**Aim of the task**
The line with "在专题党课上,吴慧凤老师首先" marks the first line to copy, and the line with "工程造價咨詢企業乙級資質證書" marks the last. Transcribe that stretch of the data below exactly, without pictures.
____ Study material
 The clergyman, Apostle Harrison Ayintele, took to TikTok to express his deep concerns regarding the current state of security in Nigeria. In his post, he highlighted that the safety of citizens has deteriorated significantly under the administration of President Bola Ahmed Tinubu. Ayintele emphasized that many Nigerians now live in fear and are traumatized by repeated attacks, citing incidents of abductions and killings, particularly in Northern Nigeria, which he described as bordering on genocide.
________
____ Study material
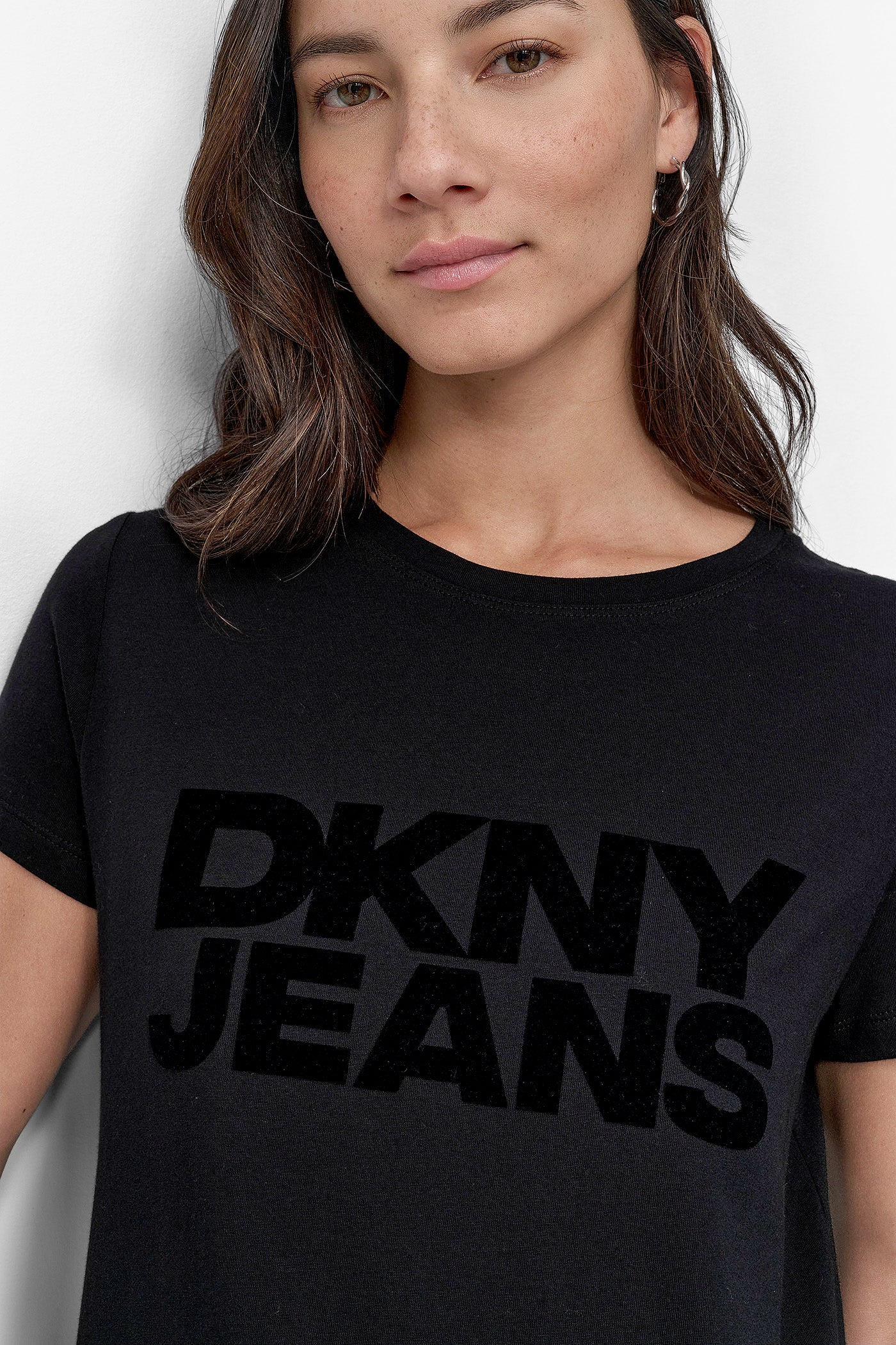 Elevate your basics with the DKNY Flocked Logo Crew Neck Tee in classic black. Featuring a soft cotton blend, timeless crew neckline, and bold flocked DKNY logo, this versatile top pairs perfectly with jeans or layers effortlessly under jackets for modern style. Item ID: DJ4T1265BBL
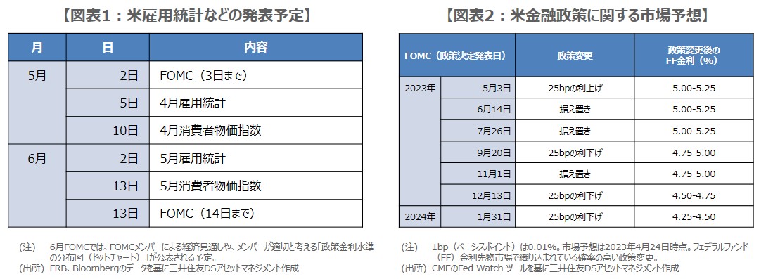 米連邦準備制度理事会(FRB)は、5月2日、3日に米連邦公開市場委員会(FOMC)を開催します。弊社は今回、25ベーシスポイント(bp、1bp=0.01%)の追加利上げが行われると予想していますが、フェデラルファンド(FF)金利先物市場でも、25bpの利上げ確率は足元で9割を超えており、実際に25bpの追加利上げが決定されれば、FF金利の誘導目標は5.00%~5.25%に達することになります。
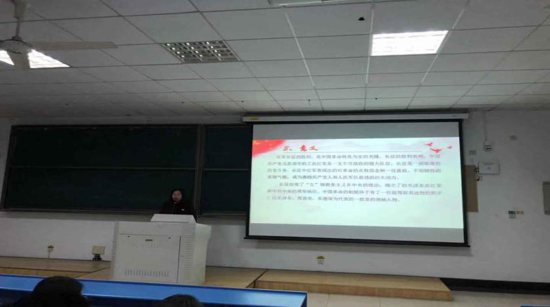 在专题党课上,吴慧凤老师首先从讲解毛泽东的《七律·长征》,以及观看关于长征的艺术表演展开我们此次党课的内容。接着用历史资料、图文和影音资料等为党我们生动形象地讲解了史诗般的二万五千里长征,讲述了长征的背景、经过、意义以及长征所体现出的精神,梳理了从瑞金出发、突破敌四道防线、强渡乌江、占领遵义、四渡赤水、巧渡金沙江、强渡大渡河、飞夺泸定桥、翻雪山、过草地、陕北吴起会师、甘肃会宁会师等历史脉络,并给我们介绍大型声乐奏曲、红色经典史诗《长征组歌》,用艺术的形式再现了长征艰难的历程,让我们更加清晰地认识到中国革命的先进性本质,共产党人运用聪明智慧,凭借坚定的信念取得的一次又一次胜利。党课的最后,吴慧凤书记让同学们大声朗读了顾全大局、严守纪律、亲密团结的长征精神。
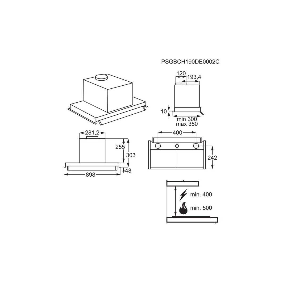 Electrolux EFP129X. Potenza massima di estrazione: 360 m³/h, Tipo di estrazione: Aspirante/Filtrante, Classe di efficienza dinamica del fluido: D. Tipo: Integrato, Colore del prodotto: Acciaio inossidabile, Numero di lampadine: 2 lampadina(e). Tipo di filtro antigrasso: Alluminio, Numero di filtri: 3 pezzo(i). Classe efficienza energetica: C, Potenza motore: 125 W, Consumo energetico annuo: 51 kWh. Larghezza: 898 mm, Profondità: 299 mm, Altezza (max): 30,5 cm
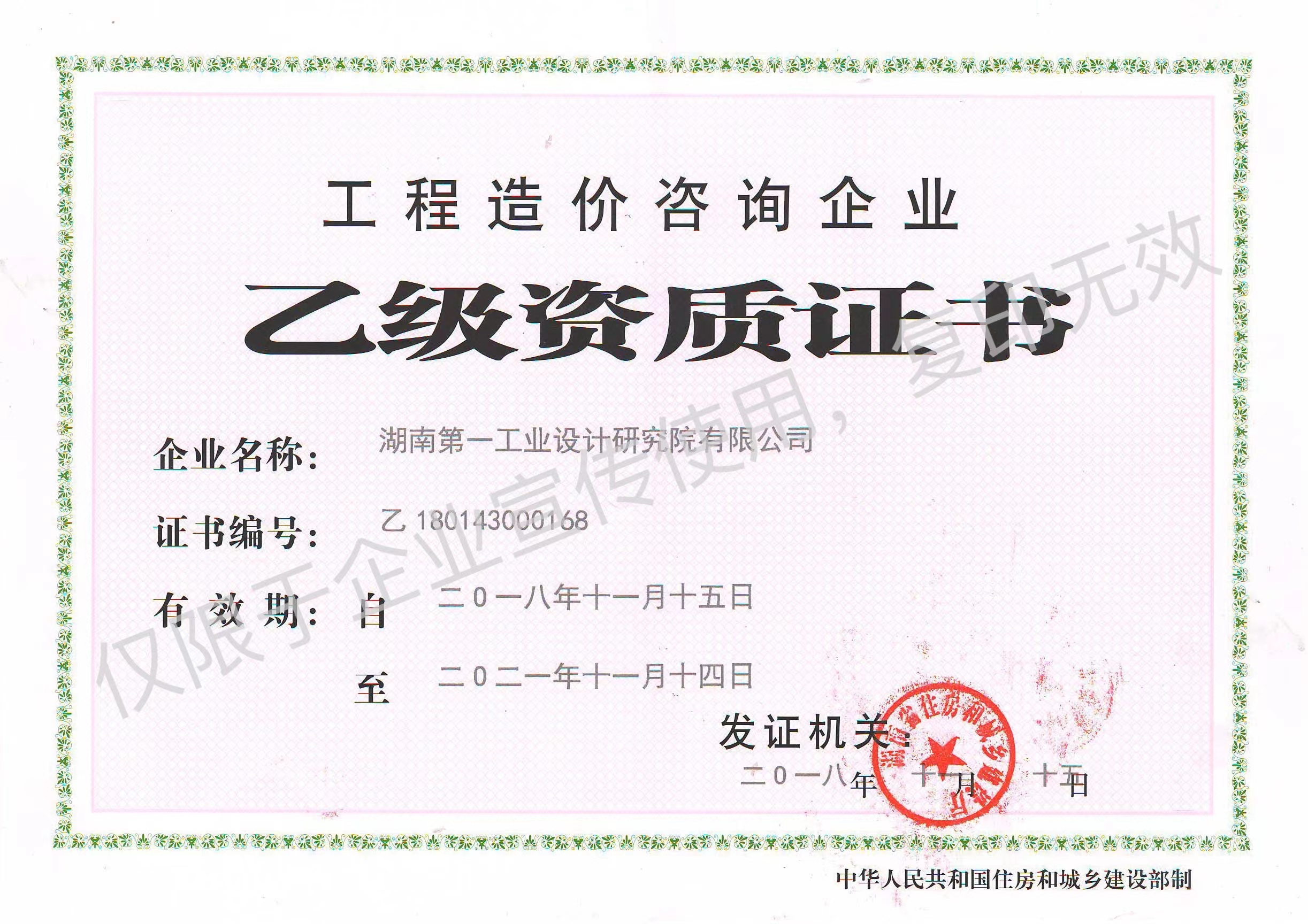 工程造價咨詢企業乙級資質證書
________
**Task output**
 在专题党课上,吴慧凤老师首先从讲解毛泽东的《七律·长征》,以及观看关于长征的艺术表演展开我们此次党课的内容。接着用历史资料、图文和影音资料等为党我们生动形象地讲解了史诗般的二万五千里长征,讲述了长征的背景、经过、意义以及长征所体现出的精神,梳理了从瑞金出发、突破敌四道防线、强渡乌江、占领遵义、四渡赤水、巧渡金沙江、强渡大渡河、飞夺泸定桥、翻雪山、过草地、陕北吴起会师、甘肃会宁会师等历史脉络,并给我们介绍大型声乐奏曲、红色经典史诗《长征组歌》,用艺术的形式再现了长征艰难的历程,让我们更加清晰地认识到中国革命的先进性本质,共产党人运用聪明智慧,凭借坚定的信念取得的一次又一次胜利。党课的最后,吴慧凤书记让同学们大声朗读了顾全大局、严守纪律、亲密团结的长征精神。
 Electrolux EFP129X. Potenza massima di estrazione: 360 m³/h, Tipo di estrazione: Aspirante/Filtrante, Classe di efficienza dinamica del fluido: D. Tipo: Integrato, Colore del prodotto: Acciaio inossidabile, Numero di lampadine: 2 lampadina(e). Tipo di filtro antigrasso: Alluminio, Numero di filtri: 3 pezzo(i). Classe efficienza energetica: C, Potenza motore: 125 W, Consumo energetico annuo: 51 kWh. Larghezza: 898 mm, Profondità: 299 mm, Altezza (max): 30,5 cm
 工程造價咨詢企業乙級資質證書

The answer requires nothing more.